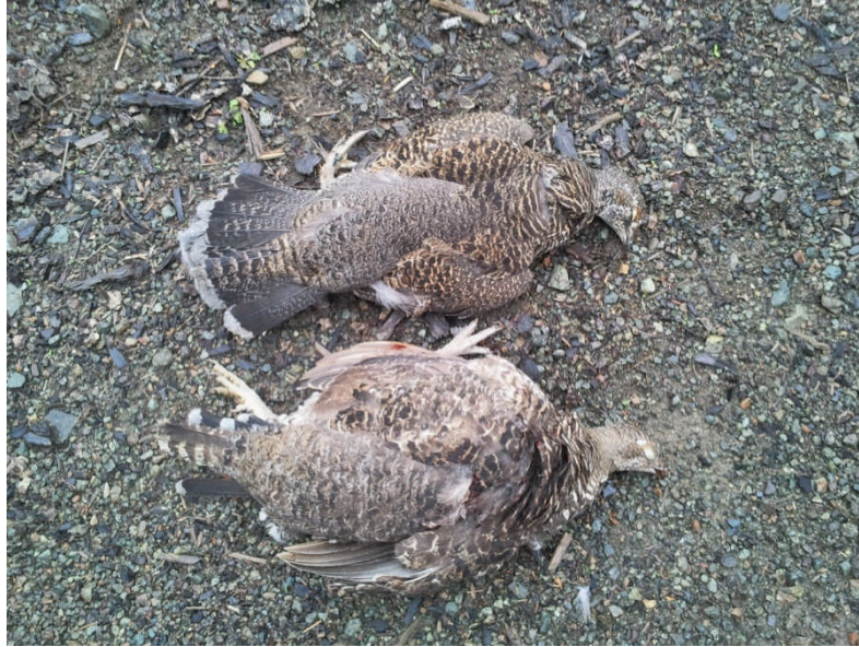
Pair of young Sooty (Blue) grouse.

Both species of grouse provide excellent table fare, however, the saying "you are what you eat" whole heartedly applies to grouse. As the hunting season progresses and food sources become more scarce, the dandelion shoots, berries and clover the grouse ate in the summertime are gradually replaced by deciduous buds and conifer needles of winter. Blue grouse in particular seem to get into the conifer needles quite early on in the hunting season. This switch in diet can impart a much stronger flavour to the grouse meat of which some hunters find unpalatable. One effective way of addressing this is to soak the grouse in milk (or salt water for those with a lactose intolerance) for 12-24 hours. Before you go to bed simply place the meat in a shallow container, cover with milk and refrigerate. The next evening remove the meat from the milk and cook as normal, being mindful that it is very easy to overcook grouse and end up with a tough dinner! I don't really know the science behind the milk trick but it works and it does an excellent job of drawing the stronger, 'later season' flavours out.
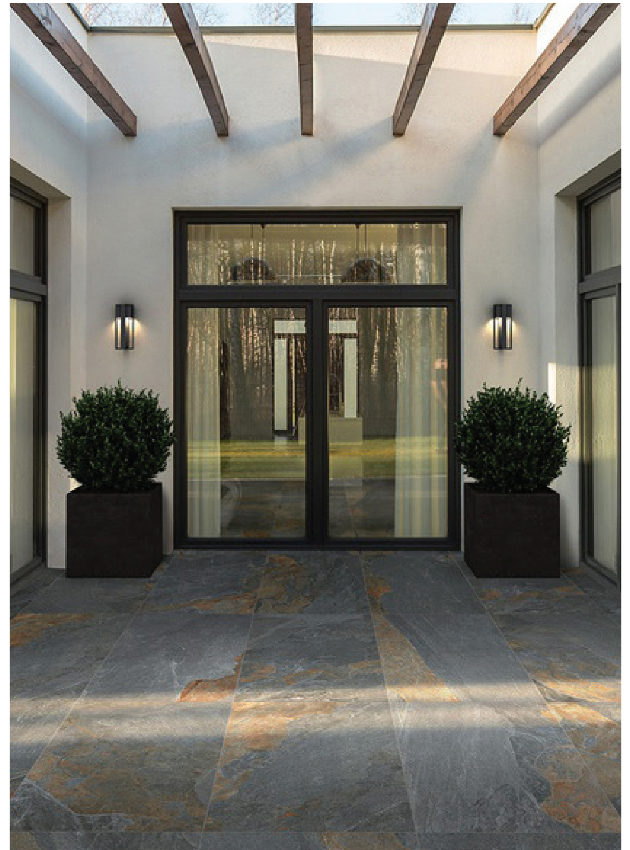
24" x 36" Paver in Canyon Slate
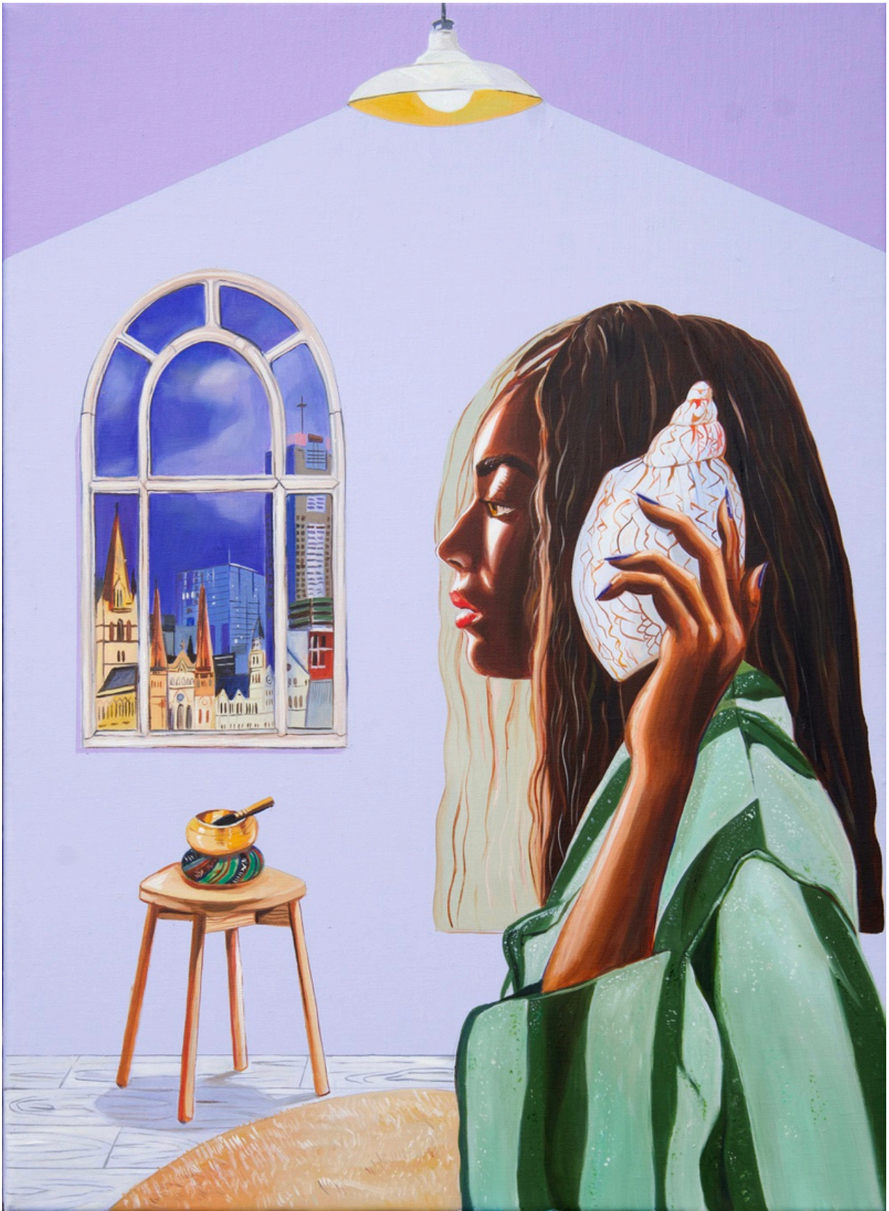
Rob McHaffie The sound inside a shell , 2026 oil on linen, 56 x 41 cm SOLD
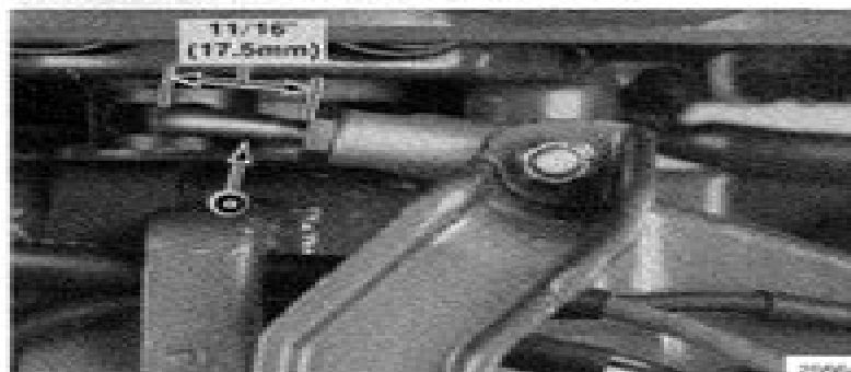
a - Trigger Link Rod

IMPORTANT: If trigger link rod was disassembled verify that 11/16 in. (17.5mm) is retained.
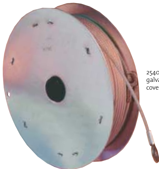
2540mm of 1.65 diameter 4x7 galvanised steel wire nylon covered 2.62 o/d.

This standard option has many applications, used in the assistance of door opening in tube trains and lifts through to counterbalancing of hospital x-ray equipment.
* * * *
- _DIRECTIONS_: Each line above should be printed again exactly, though the pictures should not be.

- _ANSWER FOR THIS EXERCISE_:
Pair of young Sooty (Blue) grouse.

Both species of grouse provide excellent table fare, however, the saying "you are what you eat" whole heartedly applies to grouse. As the hunting season progresses and food sources become more scarce, the dandelion shoots, berries and clover the grouse ate in the summertime are gradually replaced by deciduous buds and conifer needles of winter. Blue grouse in particular seem to get into the conifer needles quite early on in the hunting season. This switch in diet can impart a much stronger flavour to the grouse meat of which some hunters find unpalatable. One effective way of addressing this is to soak the grouse in milk (or salt water for those with a lactose intolerance) for 12-24 hours. Before you go to bed simply place the meat in a shallow container, cover with milk and refrigerate. The next evening remove the meat from the milk and cook as normal, being mindful that it is very easy to overcook grouse and end up with a tough dinner! I don't really know the science behind the milk trick but it works and it does an excellent job of drawing the stronger, 'later season' flavours out.
24" x 36" Paver in Canyon Slate
Rob McHaffie The sound inside a shell , 2026 oil on linen, 56 x 41 cm SOLD
a - Trigger Link Rod

IMPORTANT: If trigger link rod was disassembled verify that 11/16 in. (17.5mm) is retained.
2540mm of 1.65 diameter 4x7 galvanised steel wire nylon covered 2.62 o/d.

This standard option has many applications, used in the assistance of door opening in tube trains and lifts through to counterbalancing of hospital x-ray equipment.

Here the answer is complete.